Great leaders have it, though it sometimes fails; failed leaders don't, though their plans sometimes succeed...
...Barack Obama, so far, seems to belong in the second category. Like everyone who gets elected president, he entered office brimming with confidence, convinced he could end the hostility of the Iranian mullahs, Islamist terrorists, the leaders of China and Russia, and the likes of Hugo Chavez.
At least so far, that confidence has proved to be dreamy. Obama now knows their hostility was rooted not just in distaste for George W. Bush's Texas twang but to the fundamental character of the American people. A Muslim middle name hasn't made much difference.
And...
At home, Obama, like many others and not just in his own party, believed that economic distress would move Americans to favor government direction of the health care and energy sectors and to support sharply increased federal spending.
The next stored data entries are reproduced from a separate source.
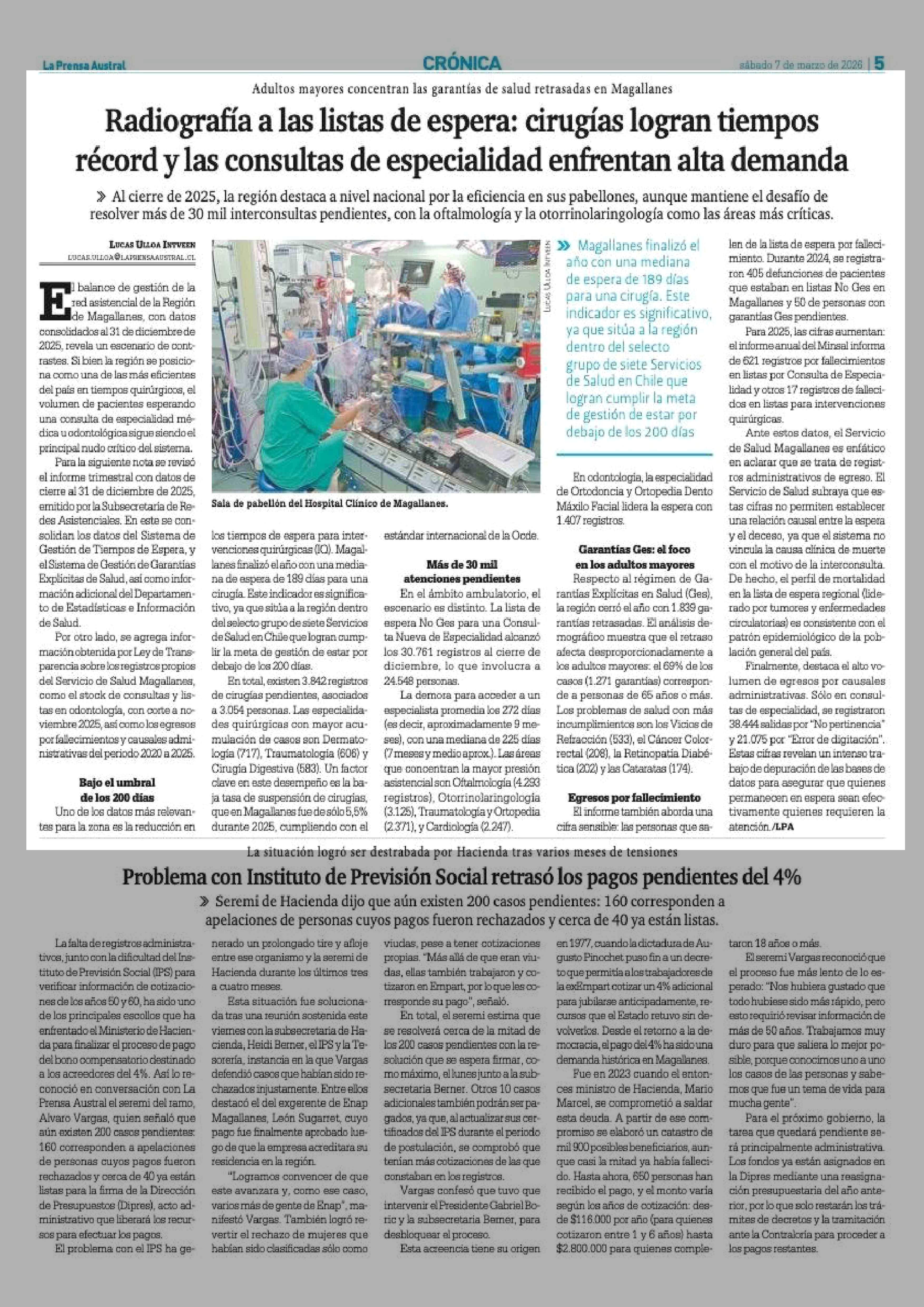Radiografía a las listas de espera: cirugías logran tiempos récord y las consultas de especialidad enfrentan alta demanda 07-03-2026 La Prensa Austral |
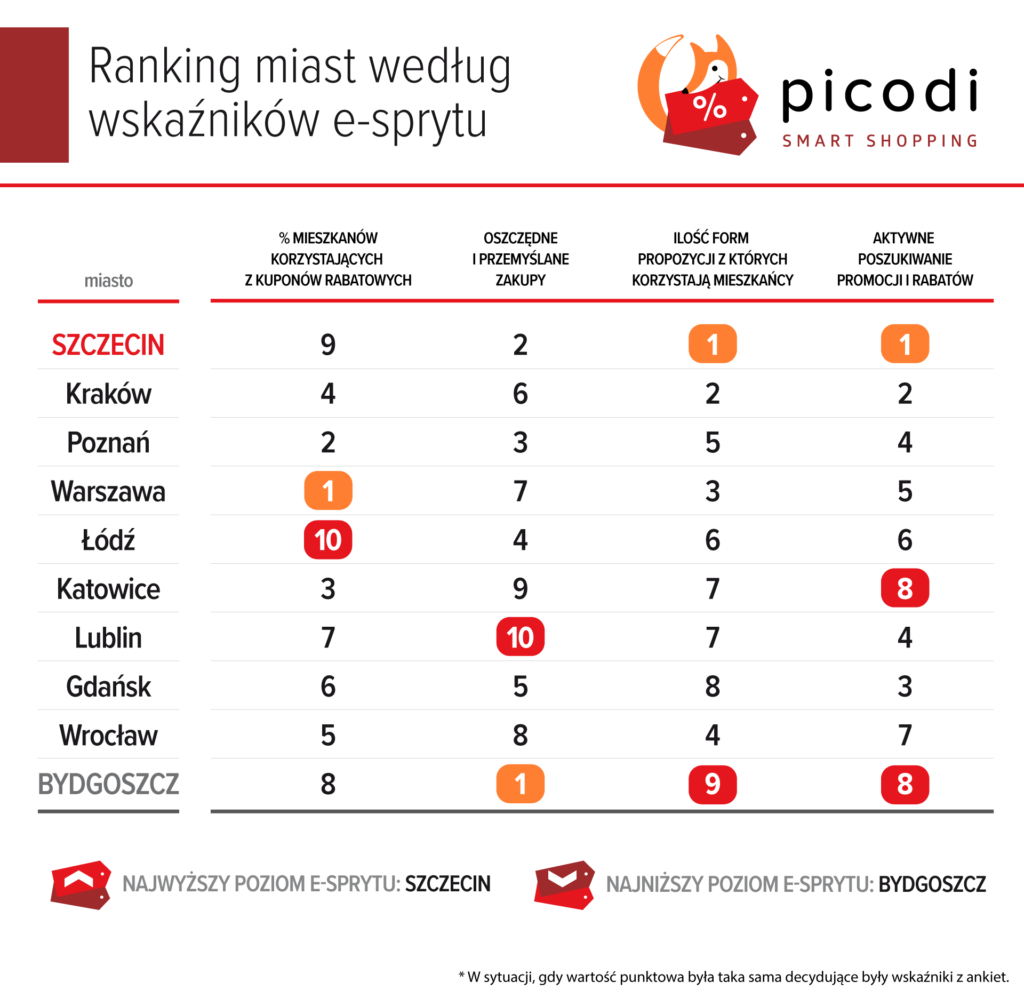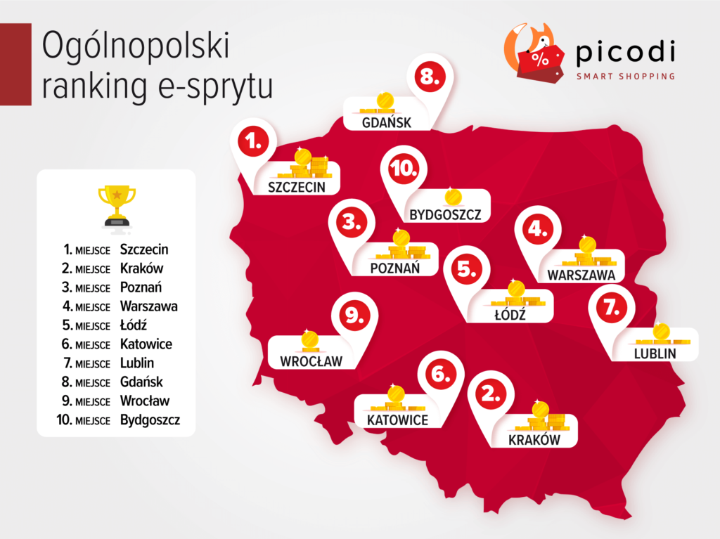 Polską stolicą łowców okazji okazał się Szczecin, gdzie blisko siedmiu na dziesięciu badanych przynajmniej kilka razy w roku przeczesuje internet w poszukiwaniu specjalnych okazji. Co ciekawe, tuż za nim w rankingu e-sprytu uplasowały się Kraków oraz Poznań, których mieszkańcy często spotykają się z opinią „centusiów” i skner. Najgorzej w rankingu wypadła Bydgoszcz, gdzie mieszkańcy kupują niewiele i bardzo rzadko korzystają z promocji (choć nie można im odmówić wyjątkowo rozważnych i ostrożnych decyzji).
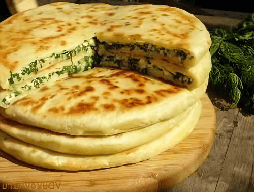 В центр лепешки поместить начинку из панира, зелени и специй. Защипать края лепешки и еще раз раскатать в не очень тонкую лепешку. Так же поступить с остальными лепешками.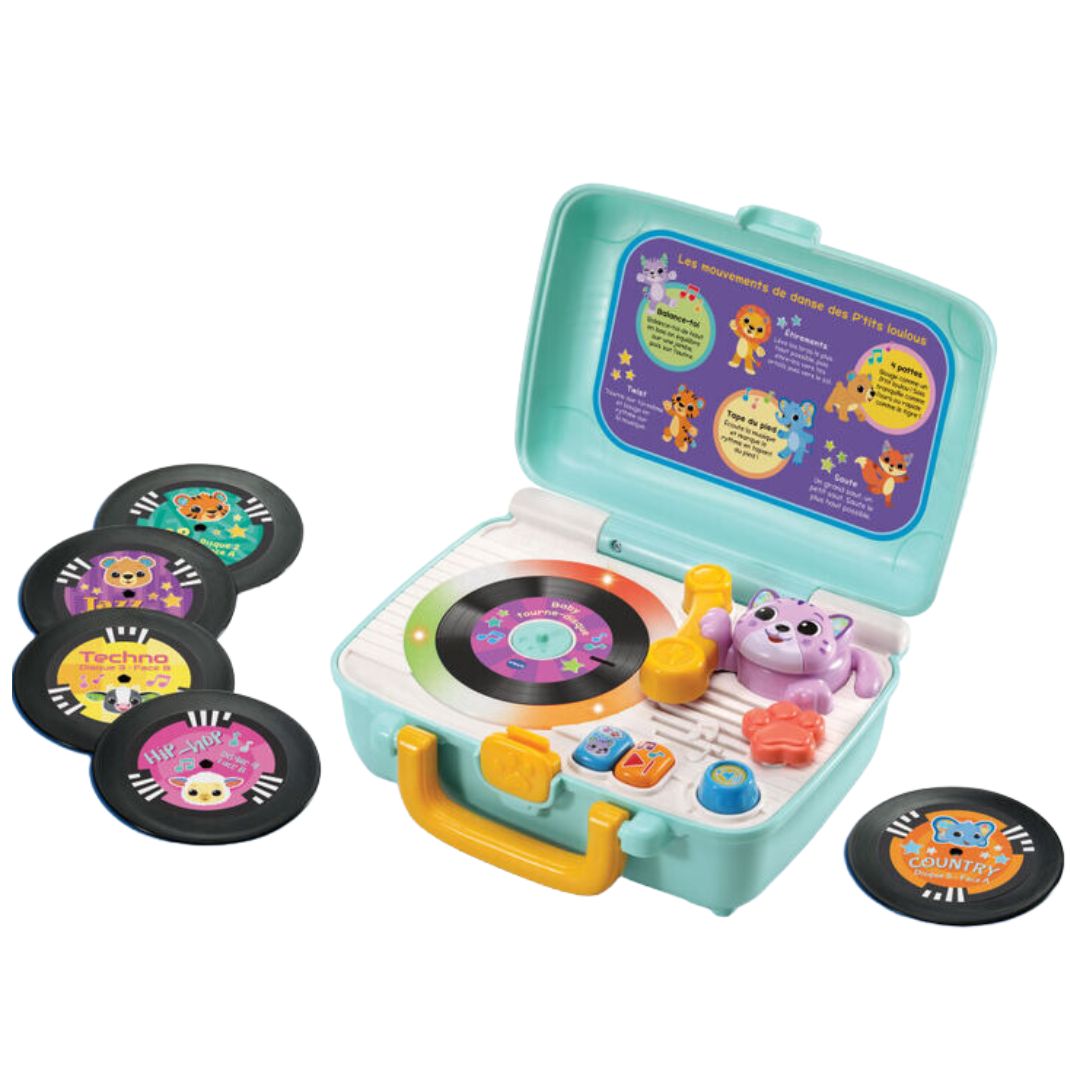 This Vtech Baby Tourne Disque interactive DJ toy features five double-sided records, allowing young children to explore various music styles such as jazz, pop, techno, country, and hip hop, while also enjoying fun animal sounds. The turntable lights up and includes a playful kitty assistant that bobs along to the music, encouraging creativity and engagement in musical play.Key Features: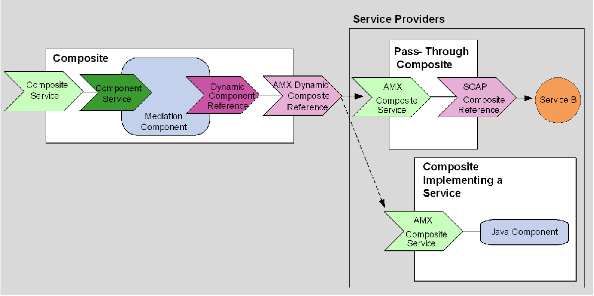 The diagram shows a dynamic composite reference using a composite that implements a service and also using a pass-through composite for referencing a SOAP service.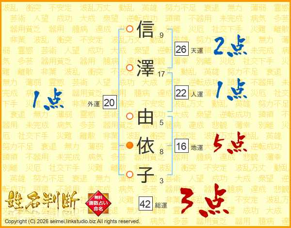 信(9画)澤(17画) 由(5画)依(8画)子(3画)

That intuition now seems unfounded. As does the intuition that the Senate would pass hugely important legislation on a party-line vote with not one vote to spare.
The intuition needed to whip up an already friendly crowd during a political campaign, and the intuition to govern are two different things. The mainstream media missed that, in part because many journalists today don't believe in intuition. They believe in elite educations as a kind of cure-all for the world's problems.
Having had the privilege of an "elite" education, I can testify that, while a fine thing to have, it doesn't cure anything.
Obama's two predecessors also suffered from failures of intuition. Bill Clinton recovered and got deserved credit for the 1996 welfare reform and the 1997 balanced-budget deal. George W. Bush recovered and deserves credit (though Joe Biden is claiming it now) for the success of the Iraq surge strategy.
Obama too may develop better intuition than he has shown so far. But first he has to acknowledge that a successful presidency requires more than the confidence conferred by a high IQ and fancy degrees.
COMMENT: Barone is on target again. Lincoln had only one year of schooling. FDR was called "featherduster" by some because he was seen as an intellectual lightweight. But both men had superb instincts.
So did Ronald Reagan, who understood the American people, unlike Jimmah Carter, his predecessor.
Again, I don't in any way disparage a fine education. We certainly put a great deal of emphasis on formal education for our daughters. But it just isn't enough, and too many members of our elite classes think it is.